With regard to the inaccurate reporting on behalf of the New York Times, the Associated Press, and those that utilized these resources, first of all, I was never contacted by any of these news agencies but they felt free to quote me. Almost all of my quotes are from a document that can be found online with the correspondence between the Holy See and the Archdiocese of Milwaukee. In an October 31, 1997 handwritten document, I am quoted as saying ‘odds are that this situation may very well be the most horrendous, number wise, and especially because these are physically challenged , vulnerable people. “ Also quoted is this: “Children were approached within the confessional where the question of circumcision began the solicitation.”There is no question that Lawrence Murphy was an evil man. There is also no question that the Church enabled his predations for a period of nearly 25 years, in ways small and large. The Church has much to explain and the explanations must continue. Most of all, I don't begrudge the victims seeking redress for the sins of Lawrence Murphy.
The problem with these statements attributed to me is that they were handwritten. The documents were not written by me and do not resemble my handwriting. The syntax is similar to what I might have said but I have no idea who wrote these statements, yet I am credited as stating them. As a college freshman at the Marquette University School of Journalism, we were told to check, recheck, and triple check our quotes if necessary. I was never contacted by anyone on this document, written by an unknown source to me. Discerning truth takes time and it is apparent that the New York Times, the Associated Press and others did not take the time to get the facts correct.
Yet this must be said as well: it also troubles me when leading news organizations don't bother to fact check the information they publish. I would strongly recommend that you click the link I've provided and read the statement of Fr. Brundage.
3 comments:
The New York Times: all the news that fits (the storyline).
FWIW,
Brundage has recanted what he said last week. He had claimed that he was misquoted by the Times and that the trial was indeed ongoing at the time of Murphy's death. Brundage, now seeing documents he had not seen before, has reversed himself on this. A direct quote from the Times:
Father Brundage, who is now working in the Archdiocese of Anchorage, posted an essay this week saying he was never informed that the trial of Father Murphy had been halted.
He also said that he had been misquoted in both The New York Times and The Associated Press.

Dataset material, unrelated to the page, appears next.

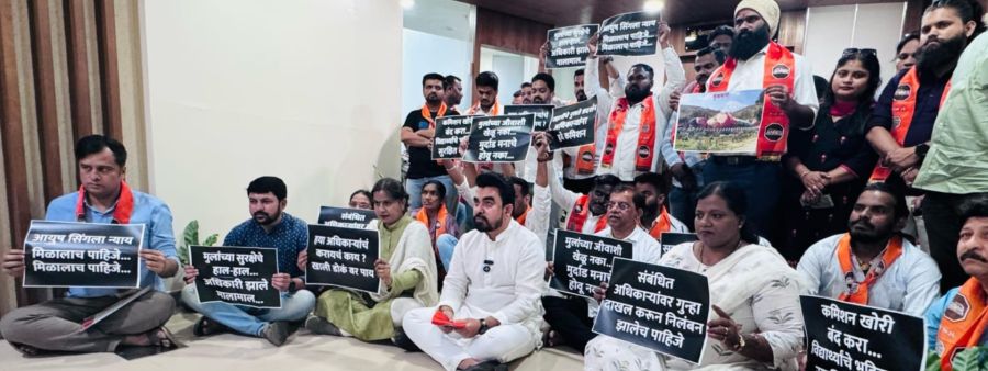 नवी मुंबई : २५ फेब्रुवारी २०२५ रोजी नवी मुंबई महानगरपालिकेच्या शिक्षण मंडळाच्या वतीने विविध पालिका शाळांच्या किमान २३०० विद्यार्थ्यांना घेवून खोपोली येथील इमॅजिका पार्क येथे सहल नेण्यात आली होती. यावेळी घणसोली शाळा क्र. ७६ येथील हिंदी माध्यमातील इयत्ता आठवीत शिकणाऱ्या आयुष सिंग वय वर्ष १४ या विद्यार्थ्याचा दुर्दैवी मृत्यू झाला. सदरच्या घटनेला नवी मुंबई मनपाचे शिक्षण उपायुक्त, शिक्षणाधिकारी तसेच संबंधित शाळेचे मुख्याध्यापक, शिक्षक व कंत्राटदार जबाबदार असल्याचे प्रथमदर्शनी दिसून येत आहे. या संदर्भात न्याय मागण्यासाठी मनसे शहर अध्यक्ष गजानन काळे यांच्या नेतृत्वाखाली मनसेच्या शिष्टमंडळाने मनपा आयुक्त कैलास शिंदे यांची भेट घेतली. तसेच दोषी शिक्षण उपायुक्त, शिक्षणाधिकारी यांचे निलंबन करण्याची मागणी केली. परंतु आयुक्त हे दोषी अधिकाऱ्यांना वाचवत असल्याचे दिसून येत होते. चौकशी समितीचे गाजर दाखवून मा आयुक्त विषय गुंडाळण्याचा प्रयत्न करत होते. एका मुलाचा पालिका वरिष्ठ अधिकाऱ्यांच्या चुकीमुळे मृत्यू झालेला असताना ही आयुक्त असंवेदनशील असल्याचे दिसून येत होते. आयुक्तांच्या अशा वर्तवणुकीवर तीव्र आक्षेप घेत मनसे कार्यकर्त्यांनी आयुक्त कार्यालयाबाहेर तब्बल 2 तास ठिय्या आंदोलन केले.

In an interview on Wednesday, Father Brundage acknowledged that he had never been quoted in any Times articles about the Murphy case — and the paper did not misquote him. He said he was misquoted in an Associated Press article that was posted temporarily on the Times Web site, and he mistakenly attributed that to The Times.
He said the documents show that the Vatican had encouraged the Milwaukee Archdiocese to halt the trial, but they did not use strong language and actually order a halt. He said that he never saw the letter from Archbishop Weakland abating the trial until it appeared on the Times Web site last week.
END QUOTE:
Looks like you have been misled by Brundage, not the Times. Face the facts. The Vatican made the decision NOT to proceed with a canonical trial, in spite of the fact that Murphy had admittedly raped children in confessionals while performing the sacrament of reconciliation, which is about as grave a canonical transgression as can be imagined. Why anyone would want to carry water for these lying thugs is beyond me. Ratzinger is up to his eyeballs in this and deserves whatever he gets. He had more compassion for an aging paedophile than he ever did for the 200 deaf children who were Murphy's victims and who never got justice, even from the Church. Oh the web we weave...
Anon,
It's a little more complicated than you've made it.

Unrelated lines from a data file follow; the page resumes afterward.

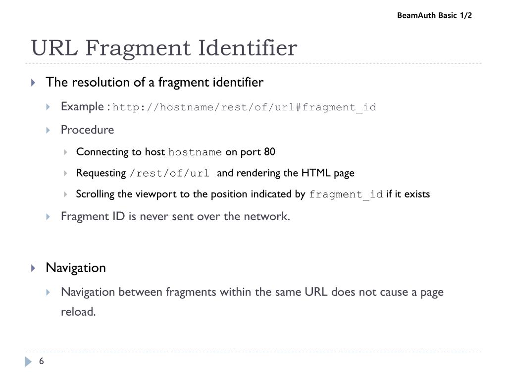 BeamAuth Basic 1/2 URL Fragment Identifier • The resolution of a fragment identifier • Example : http://hostname/rest/of/url#fragment_id • Procedure • Connecting to host hostname on port 80 • Requesting /rest/of/urland rendering the HTML page • Scrolling the viewport to the position indicated by fragment_id if it exists • Fragment ID is never sent over the network. • Navigation • Navigation between fragments within the same URL does not cause a page reload.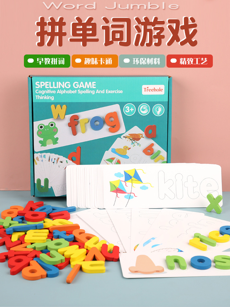 어린이 영어 글자 맞춤법 단어 게임 영어 연습 카드 유치원 조기 교육 교육 빌딩 블록 장난감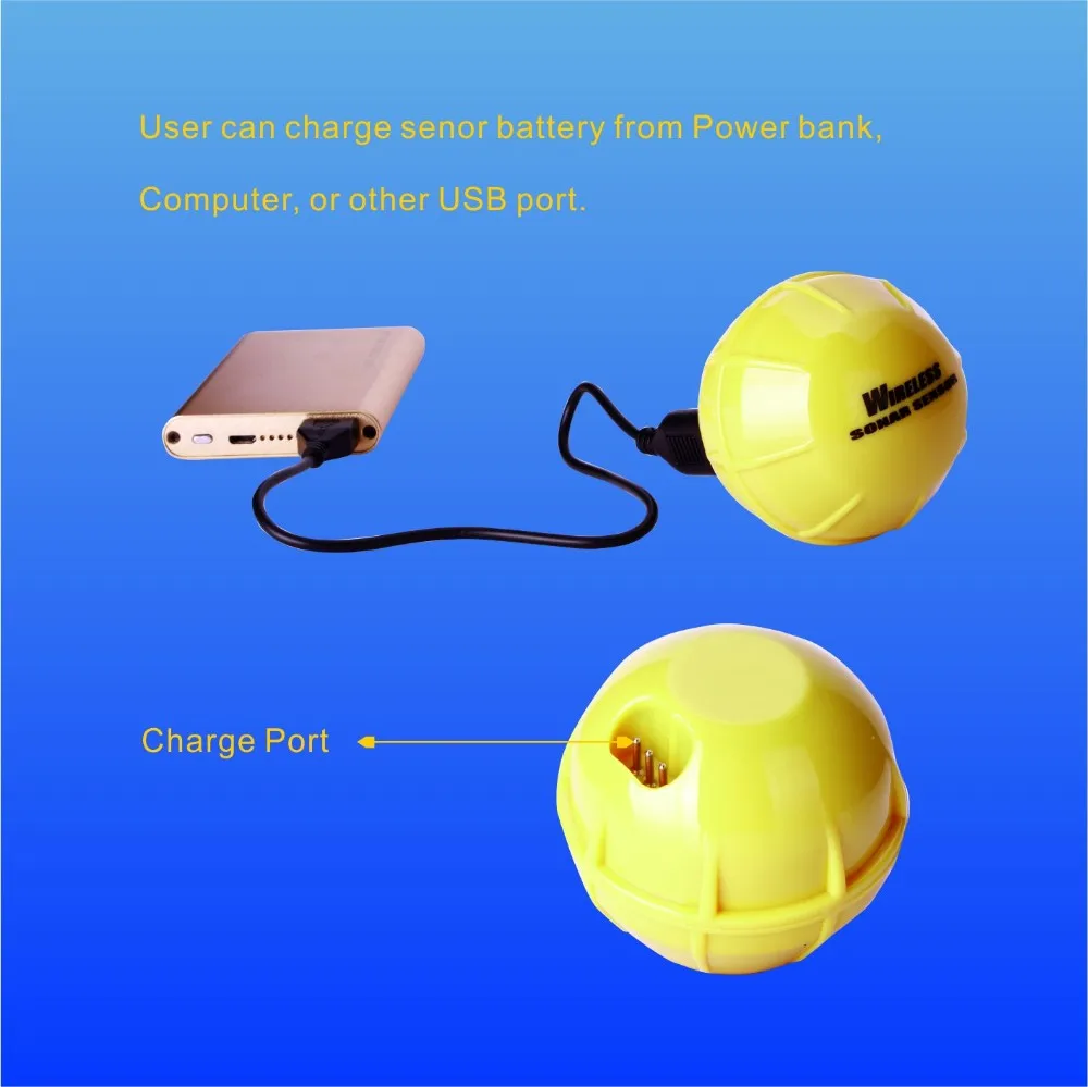 Built-in lithium battery for sonar sensor operation, recharge voltage: 5V

1) The business about Brundage being misquoted is tangential to the story.
2) It's not clear that Cardinal Ratzinger personally ordered a halt to the proceedings. We are told that Ratzinger had correspondence in the matter, but we don't know what he said. We also don't know whether the matter personally crossed his desk or whether an underling handled the matter. For that matter, we aren't privy to any conversations between Weakland and Ratzinger, or the auxiliary archbishop Skiba. Perhaps we should be before we pass judgment.

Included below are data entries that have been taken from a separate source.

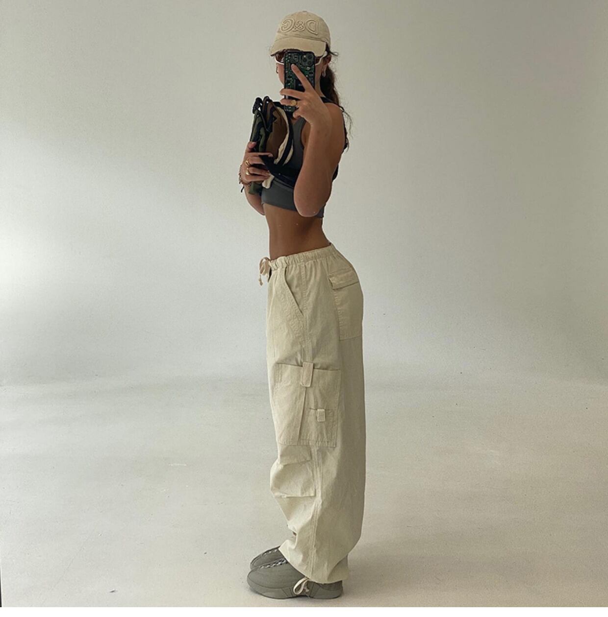 ミリタリーテイストを取り入れたワークパンツは、スポーティーな雰囲気とラフなこなれ感が魅力。ウエストゴムとドロストで調整も簡単、アクティブな日にもぴったり。オフホワイトのカラーが春夏は爽やかに、秋冬は柔らかく映える万能アイテム。トレンド感と着回し力を兼ね備えた、頼れる一本です。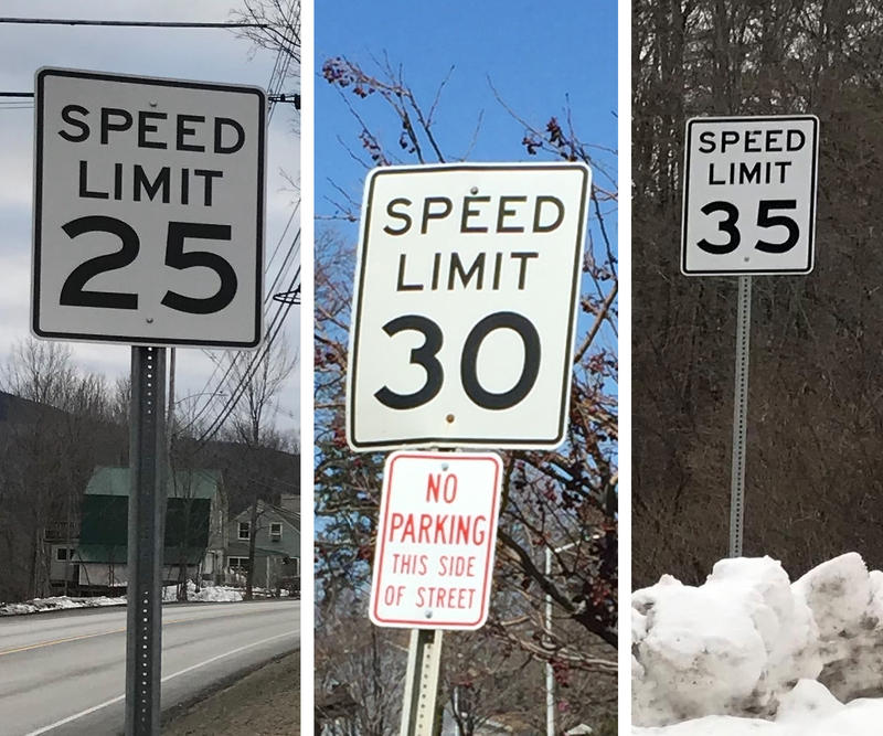 From left to right, speed limit signs in Bridgewater, South Burlington and Plymouth, Vermont. Photo by Emily Corwin and Meg Malone for VPR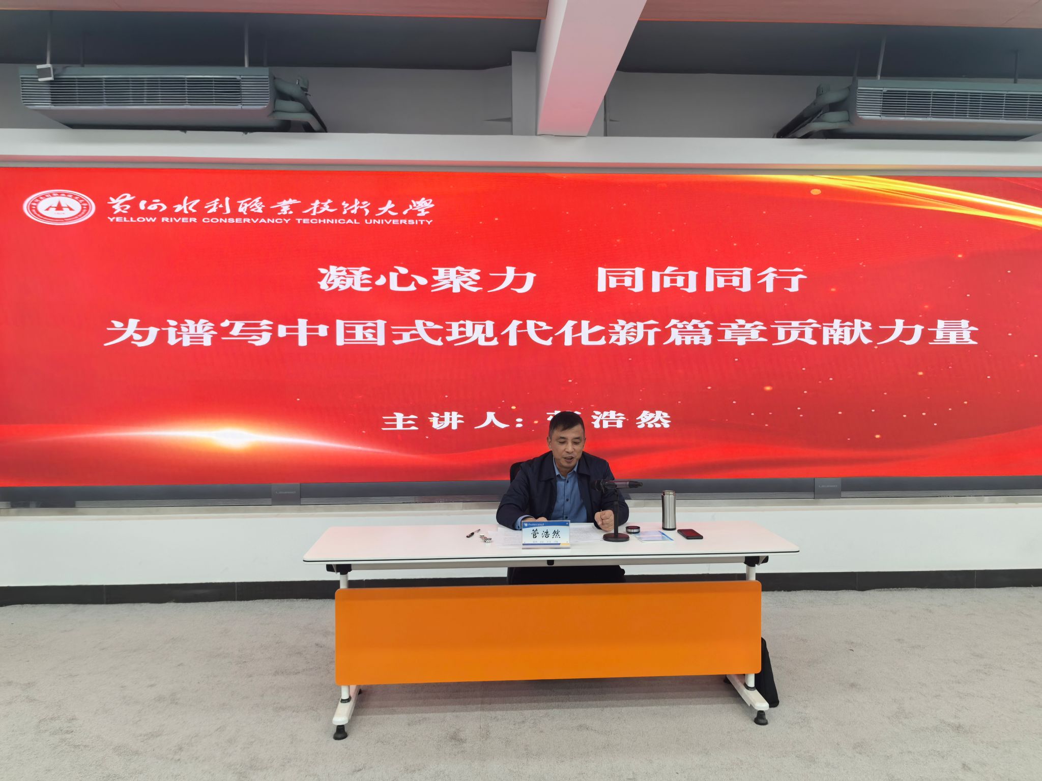 菅浩然以《凝心聚力 同向同行 为谱写中国式现代化新篇章贡献力量》为题,为在场师生开展了一场主题鲜明、内容翔实的宣讲活动。菅浩然围绕全会审议通过的“十五五”规划建议进行了系统宣讲。他首先回顾了“十四五”时期我国发展取得的重大成就,并结合教育领域,重点阐述了在落实立德树人根本任务、提升教育普惠服务水平、增强服务发展支撑能力等方面取得的新突破;随后,深入解读了“十五五”时期经济社会发展的主要目标,着重阐释规划中关于教育、科技、人才一体发展的重要部署,并立足河南实际,结合我省“1+2+4+N”战略布局,阐明了区域发展对高等教育提出的新要求。最后,他全面阐释了“十五五”时期必须遵循“六个坚持”重要原则,引导师生深刻把握国家发展的指导思想与行动纲领。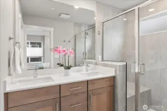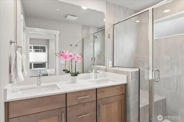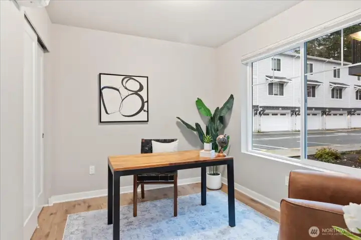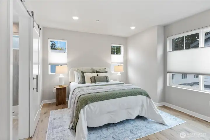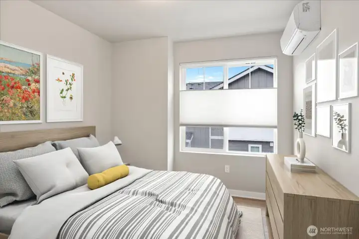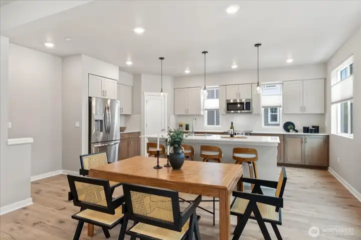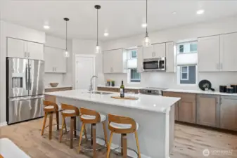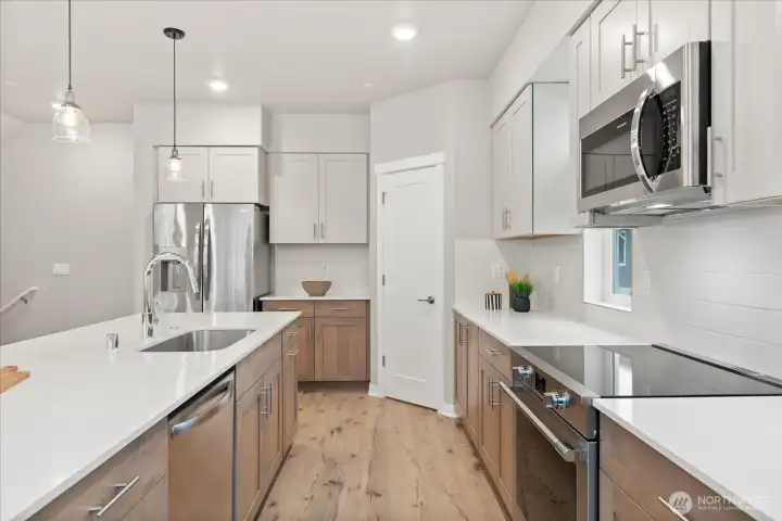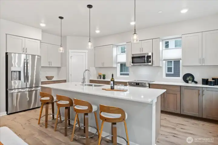 Step into this spacious, light-filled home where modern style meets everyday functionality. The entertainer’s kitchen features a large island perfect for gatherings, shaker-style soft-close cabinetry, quartz counters, a full-height backsplash, and ample storage. Relax by the electric fireplace with a custom mantel or retreat to the stunning primary suite with a spa-inspired bath and walk-in closet. Enjoy quartz surfaces and LVP flooring throughout, upgraded up/down cellular shades, and mini-splits for efficient comfort. Outdoor living shines with a deck and built-in heater, plus EV charger, garage shelving, and upgraded appliances. Easy commuter access, close to shopping, dining, and trails, refined, contemporary living at its best.

The larger issue remains this: 22 years passed between the end of Murphy's reign of terror and the events that are now in the spotlight. What happened during that time? Weakland became Archbishop in 1977 and the matter should have been dealt with long before it got to the Vatican. By the time 1998 rolled around, Murphy was dying and while a canonical trial was fully justified -- no one disputes that-- Murphy would have been dead before it concluded. For the sake argument, let's say this: if Ratzinger personally ordered the trial stopped because he was trying to be merciful, it was a mistake. Is it a hanging offense? I'm not so sure.
I'm going to revisit this in another post.